==== TASK INPUT ====
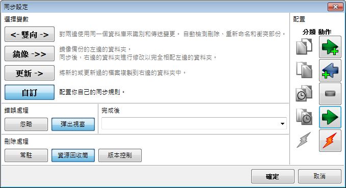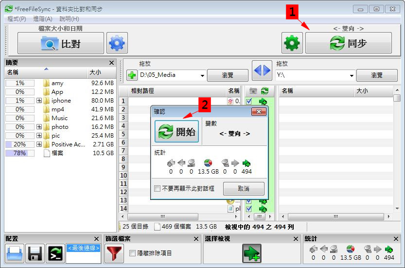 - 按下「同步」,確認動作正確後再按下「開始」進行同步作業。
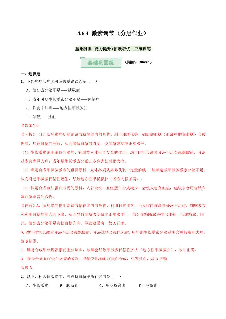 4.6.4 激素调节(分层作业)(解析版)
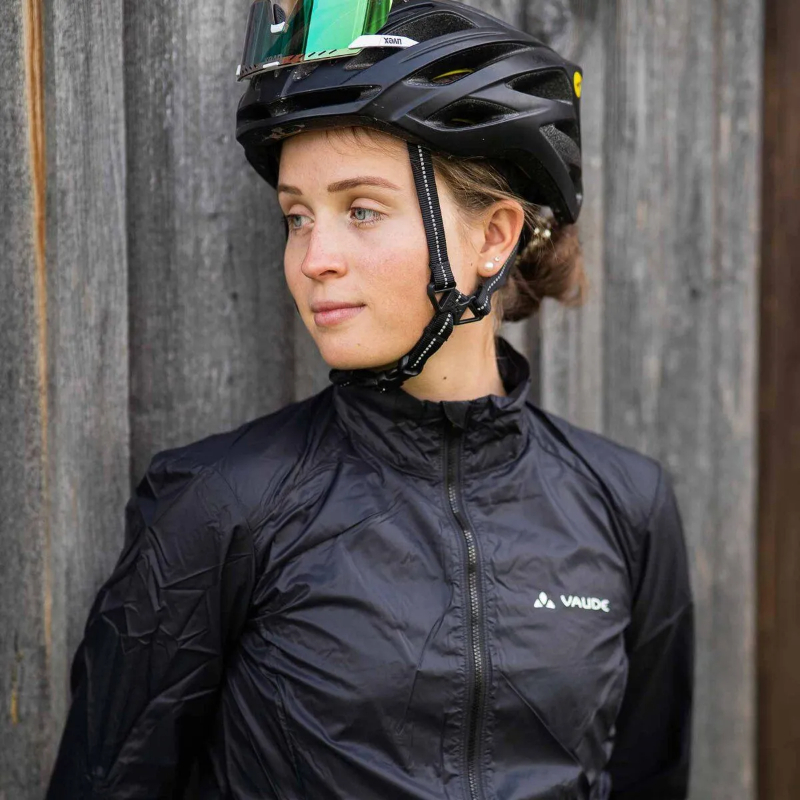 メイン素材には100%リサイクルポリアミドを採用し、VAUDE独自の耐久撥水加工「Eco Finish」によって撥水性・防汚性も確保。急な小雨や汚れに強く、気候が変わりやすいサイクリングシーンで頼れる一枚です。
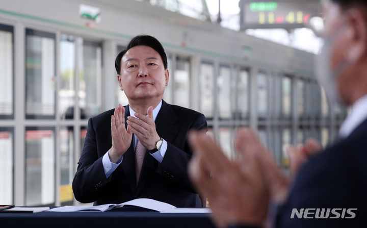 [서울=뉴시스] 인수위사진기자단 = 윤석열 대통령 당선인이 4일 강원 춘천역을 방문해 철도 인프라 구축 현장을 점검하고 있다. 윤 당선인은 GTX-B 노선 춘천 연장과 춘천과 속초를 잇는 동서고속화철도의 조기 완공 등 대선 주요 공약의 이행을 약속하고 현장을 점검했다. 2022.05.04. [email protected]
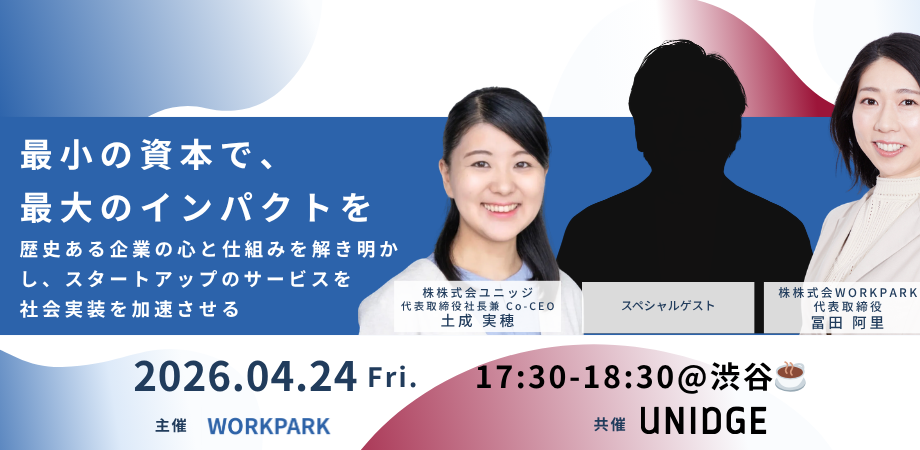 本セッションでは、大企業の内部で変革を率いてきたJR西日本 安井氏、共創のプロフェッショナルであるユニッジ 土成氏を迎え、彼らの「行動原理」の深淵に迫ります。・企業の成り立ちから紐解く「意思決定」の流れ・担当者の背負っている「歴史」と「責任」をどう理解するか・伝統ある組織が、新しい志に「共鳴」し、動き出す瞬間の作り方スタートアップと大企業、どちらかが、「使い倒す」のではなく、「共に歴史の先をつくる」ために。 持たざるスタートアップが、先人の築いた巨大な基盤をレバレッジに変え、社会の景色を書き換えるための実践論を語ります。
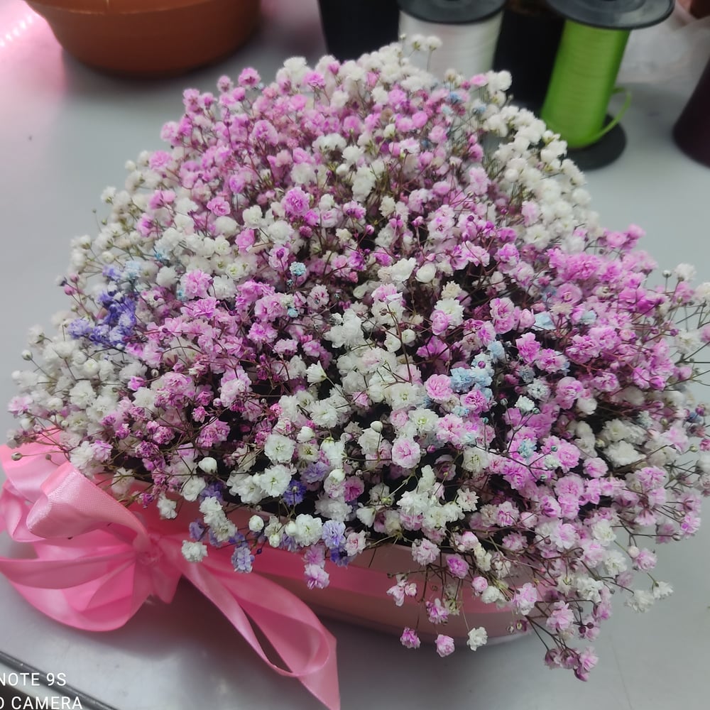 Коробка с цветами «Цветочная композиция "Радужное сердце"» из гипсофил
====
==== TASK INPUT ====
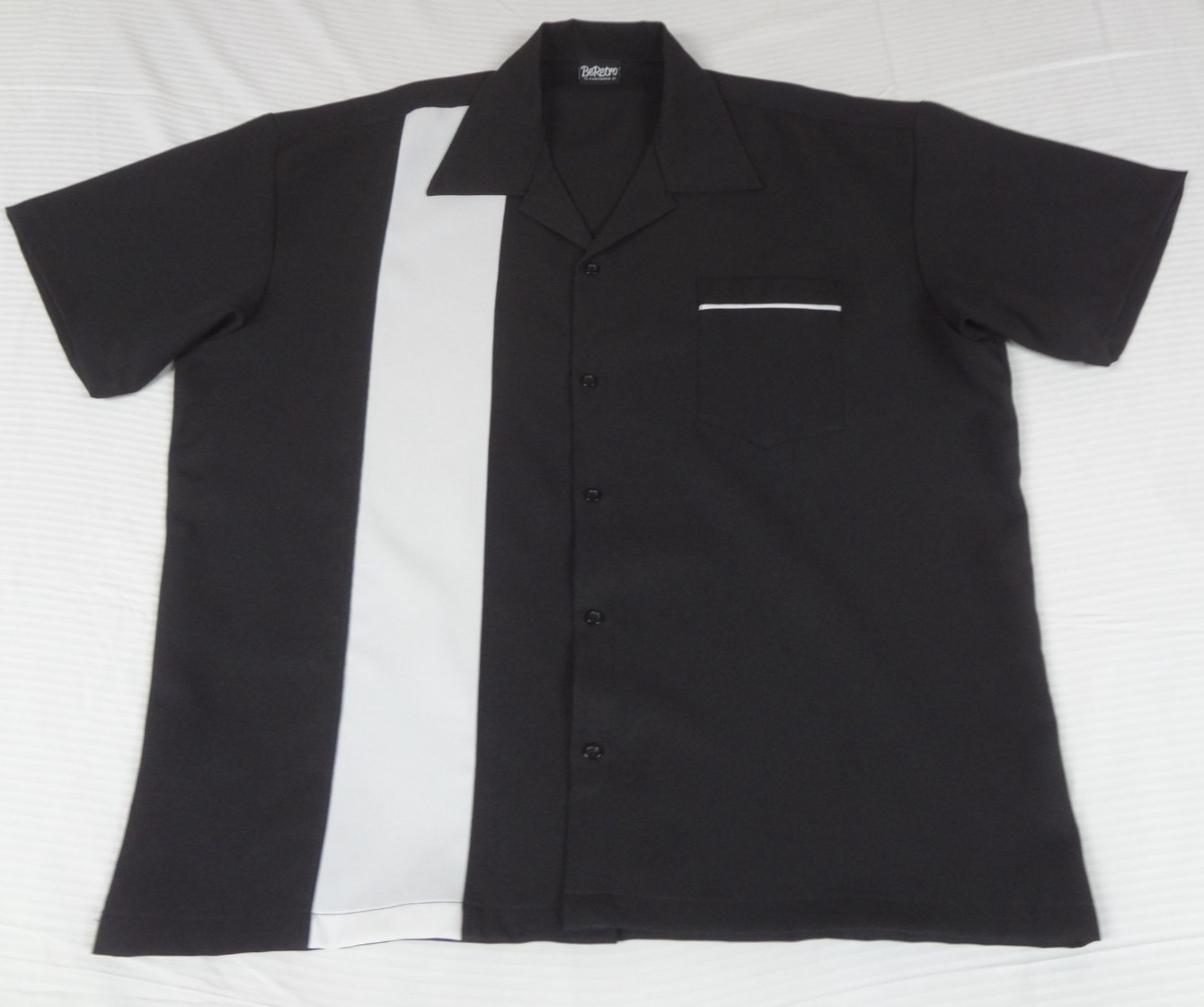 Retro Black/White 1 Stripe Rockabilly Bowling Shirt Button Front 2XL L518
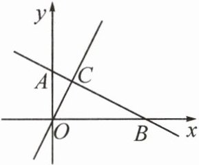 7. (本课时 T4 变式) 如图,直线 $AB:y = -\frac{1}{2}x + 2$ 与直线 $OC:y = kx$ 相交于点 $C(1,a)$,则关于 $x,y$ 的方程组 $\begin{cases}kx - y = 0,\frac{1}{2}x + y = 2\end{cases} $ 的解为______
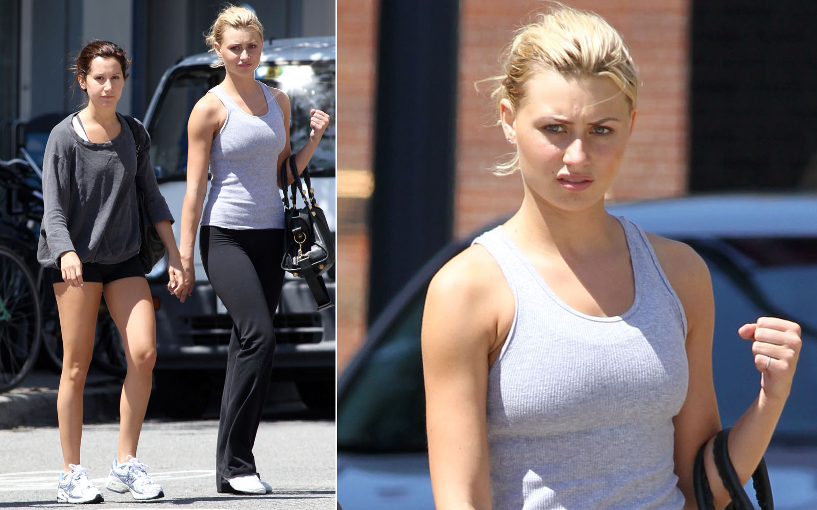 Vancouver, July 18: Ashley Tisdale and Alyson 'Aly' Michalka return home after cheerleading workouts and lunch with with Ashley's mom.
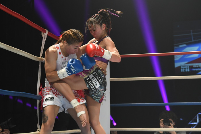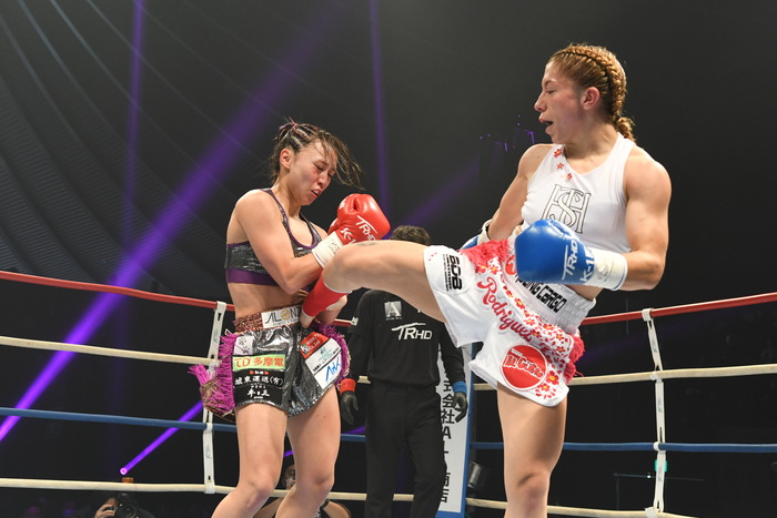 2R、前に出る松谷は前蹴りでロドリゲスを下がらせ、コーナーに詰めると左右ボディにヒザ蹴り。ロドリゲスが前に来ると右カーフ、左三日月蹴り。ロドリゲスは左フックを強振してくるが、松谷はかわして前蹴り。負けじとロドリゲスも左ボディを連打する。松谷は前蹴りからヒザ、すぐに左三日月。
====
### WORK REQUEST
Here the job is to copy the listing above word for word, starting at the line with "- 按下「同步」,確認動作正確後再按下「開始」進行同步作業。" and ending at the line with "Коробка с цветами", and to leave out the pictures.

### EXERCISE SOLUTION
 - 按下「同步」,確認動作正確後再按下「開始」進行同步作業。
 4.6.4 激素调节(分层作业)(解析版)
 メイン素材には100%リサイクルポリアミドを採用し、VAUDE独自の耐久撥水加工「Eco Finish」によって撥水性・防汚性も確保。急な小雨や汚れに強く、気候が変わりやすいサイクリングシーンで頼れる一枚です。
 [서울=뉴시스] 인수위사진기자단 = 윤석열 대통령 당선인이 4일 강원 춘천역을 방문해 철도 인프라 구축 현장을 점검하고 있다. 윤 당선인은 GTX-B 노선 춘천 연장과 춘천과 속초를 잇는 동서고속화철도의 조기 완공 등 대선 주요 공약의 이행을 약속하고 현장을 점검했다. 2022.05.04. [email protected]
 本セッションでは、大企業の内部で変革を率いてきたJR西日本 安井氏、共創のプロフェッショナルであるユニッジ 土成氏を迎え、彼らの「行動原理」の深淵に迫ります。・企業の成り立ちから紐解く「意思決定」の流れ・担当者の背負っている「歴史」と「責任」をどう理解するか・伝統ある組織が、新しい志に「共鳴」し、動き出す瞬間の作り方スタートアップと大企業、どちらかが、「使い倒す」のではなく、「共に歴史の先をつくる」ために。 持たざるスタートアップが、先人の築いた巨大な基盤をレバレッジに変え、社会の景色を書き換えるための実践論を語ります。
 Коробка с цветами «Цветочная композиция "Радужное сердце"» из гипсофил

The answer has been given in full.